À quoi pourrait ressembler le futur de l’intelligence artificielle dans notre poche ? Est-ce possible de révolutionner notre rapport à la technologie, alors même que les smartphones saturent nos vies depuis plus de quinze ans ? Sam Altman, PDG d’OpenAI, et Jony Ive, l’illustre designer d’Apple, affirment oui, mais à leur façon très singulière. Leurs dernières confidences lèvent un coin du voile sur leur mystérieux projet commun : un appareil d’IA qui, à en croire leurs propos, pourrait bousculer nos certitudes.
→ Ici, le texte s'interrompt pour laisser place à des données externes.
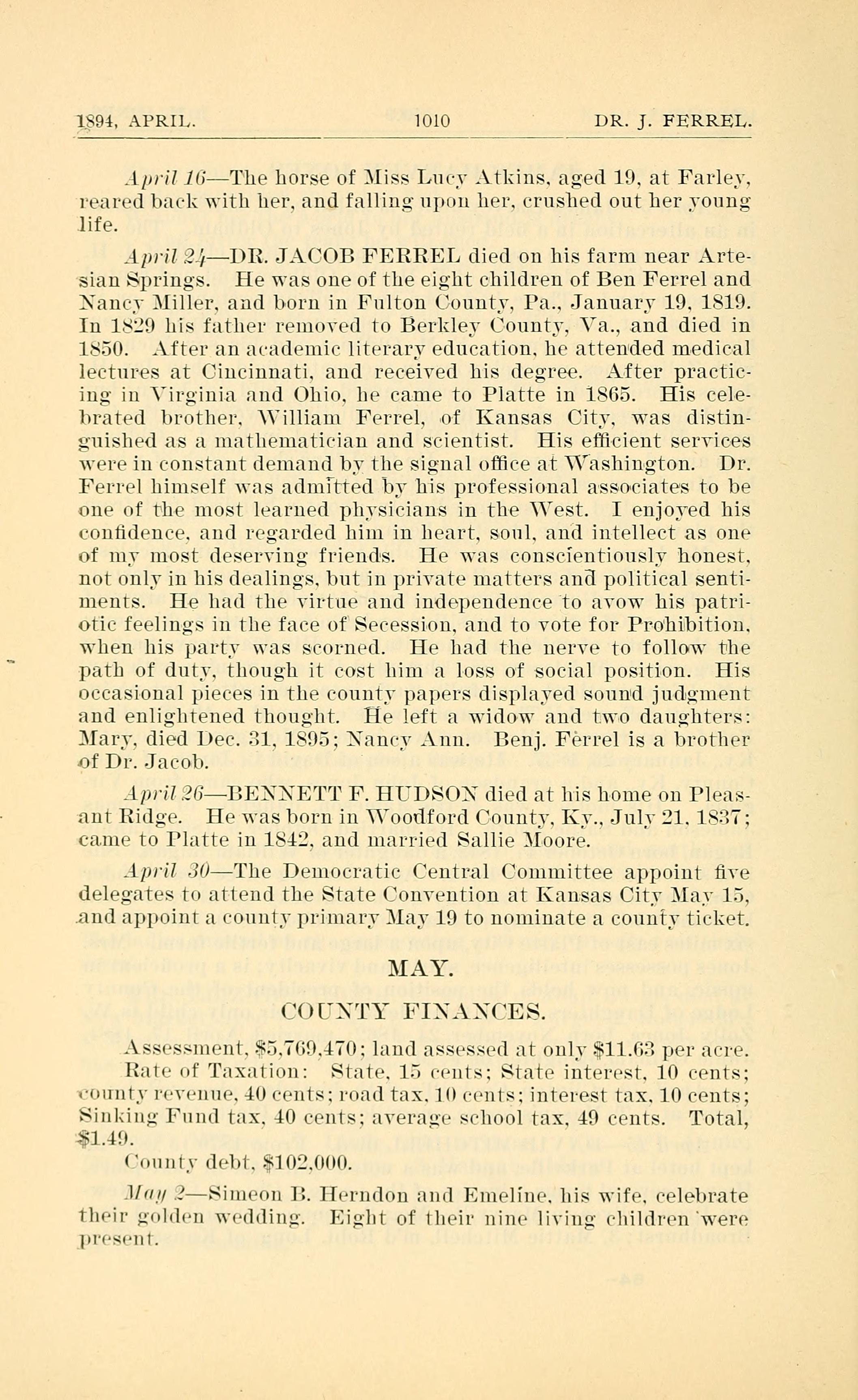 April 24 - JACOB FERREL died on his farm near Artesian Springs.

Mais sommes-nous préparés à tant de simplicité ?
Peu d’informations concrètes filtrent pour l’instant : OpenAI a certes racheté la jeune pousse de design fondée par Ive, mais le secret reste bien gardé. Ce que l’on sait ? L’appareil serait “sans écran” et “de la taille d’une poche”. Pourtant, ces deux créateurs refusent d’en faire trop sur la technologie. Pourquoi insistent-ils autant sur “l’ambiance” du produit, plutôt que sur des caractéristiques techniques ? Derrière ce choix, faut-il voir le symptôme d’une ère lassée par l’exubérance numérique, ou le signe que ce gadget n’est pas si révolutionnaire qu’il n’y paraît ?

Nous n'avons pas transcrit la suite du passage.